**WHAT IS BEING ASKED**
For this exercise, restate word for word only the lines from the first line of the data to the line containing "- Положите на".

Top of DATASET EXCERPTS

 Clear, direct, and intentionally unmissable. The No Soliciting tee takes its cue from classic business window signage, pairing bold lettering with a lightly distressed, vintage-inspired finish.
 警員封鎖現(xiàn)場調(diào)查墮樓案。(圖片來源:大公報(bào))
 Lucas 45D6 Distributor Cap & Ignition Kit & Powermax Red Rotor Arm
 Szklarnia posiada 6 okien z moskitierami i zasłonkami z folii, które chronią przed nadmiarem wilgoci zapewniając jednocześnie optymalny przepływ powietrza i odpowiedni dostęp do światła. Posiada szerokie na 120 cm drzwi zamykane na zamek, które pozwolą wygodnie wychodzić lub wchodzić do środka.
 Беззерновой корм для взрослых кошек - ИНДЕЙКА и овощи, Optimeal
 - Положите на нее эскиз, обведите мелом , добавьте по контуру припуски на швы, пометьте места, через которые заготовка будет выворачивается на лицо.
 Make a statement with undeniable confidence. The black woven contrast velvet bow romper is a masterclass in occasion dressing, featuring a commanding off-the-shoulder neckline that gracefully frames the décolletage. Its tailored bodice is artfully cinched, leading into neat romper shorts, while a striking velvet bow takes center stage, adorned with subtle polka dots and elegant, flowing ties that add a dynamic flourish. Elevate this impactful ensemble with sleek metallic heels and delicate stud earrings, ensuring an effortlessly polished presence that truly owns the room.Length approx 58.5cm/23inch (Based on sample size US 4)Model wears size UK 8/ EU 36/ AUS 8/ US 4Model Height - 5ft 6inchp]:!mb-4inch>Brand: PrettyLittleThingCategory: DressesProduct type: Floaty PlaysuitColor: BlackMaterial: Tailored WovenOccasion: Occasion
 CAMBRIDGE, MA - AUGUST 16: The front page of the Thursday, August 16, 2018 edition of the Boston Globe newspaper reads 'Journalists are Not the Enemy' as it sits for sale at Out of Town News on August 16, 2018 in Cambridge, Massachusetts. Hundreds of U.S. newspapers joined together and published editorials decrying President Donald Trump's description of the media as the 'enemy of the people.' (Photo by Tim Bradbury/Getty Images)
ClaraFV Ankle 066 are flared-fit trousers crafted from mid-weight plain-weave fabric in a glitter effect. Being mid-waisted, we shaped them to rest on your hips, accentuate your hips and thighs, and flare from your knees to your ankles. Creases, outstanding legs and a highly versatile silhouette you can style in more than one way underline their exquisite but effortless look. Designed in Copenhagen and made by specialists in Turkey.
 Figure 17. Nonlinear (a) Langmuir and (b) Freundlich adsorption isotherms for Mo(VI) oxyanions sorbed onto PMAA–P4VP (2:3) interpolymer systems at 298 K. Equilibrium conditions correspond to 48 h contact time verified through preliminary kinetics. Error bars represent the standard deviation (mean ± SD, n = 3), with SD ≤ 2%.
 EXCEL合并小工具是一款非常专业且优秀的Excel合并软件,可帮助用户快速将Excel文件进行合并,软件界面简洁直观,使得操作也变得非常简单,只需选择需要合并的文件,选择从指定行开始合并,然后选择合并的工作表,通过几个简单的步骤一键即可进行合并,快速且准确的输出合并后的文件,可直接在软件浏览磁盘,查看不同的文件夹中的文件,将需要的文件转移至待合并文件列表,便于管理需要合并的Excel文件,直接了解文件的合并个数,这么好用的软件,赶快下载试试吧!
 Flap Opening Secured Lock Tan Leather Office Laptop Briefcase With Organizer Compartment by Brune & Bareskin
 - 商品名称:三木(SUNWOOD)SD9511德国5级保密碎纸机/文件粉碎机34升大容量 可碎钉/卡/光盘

Bottom of DATASET EXCERPTS

**OUTPUT FOR THIS EXERCISE**
 Clear, direct, and intentionally unmissable. The No Soliciting tee takes its cue from classic business window signage, pairing bold lettering with a lightly distressed, vintage-inspired finish.
 警員封鎖現(xiàn)場調(diào)查墮樓案。(圖片來源:大公報(bào))
 Lucas 45D6 Distributor Cap & Ignition Kit & Powermax Red Rotor Arm
 Szklarnia posiada 6 okien z moskitierami i zasłonkami z folii, które chronią przed nadmiarem wilgoci zapewniając jednocześnie optymalny przepływ powietrza i odpowiedni dostęp do światła. Posiada szerokie na 120 cm drzwi zamykane na zamek, które pozwolą wygodnie wychodzić lub wchodzić do środka.
 Беззерновой корм для взрослых кошек - ИНДЕЙКА и овощи, Optimeal
 - Положите на нее эскиз, обведите мелом , добавьте по контуру припуски на швы, пометьте места, через которые заготовка будет выворачивается на лицо.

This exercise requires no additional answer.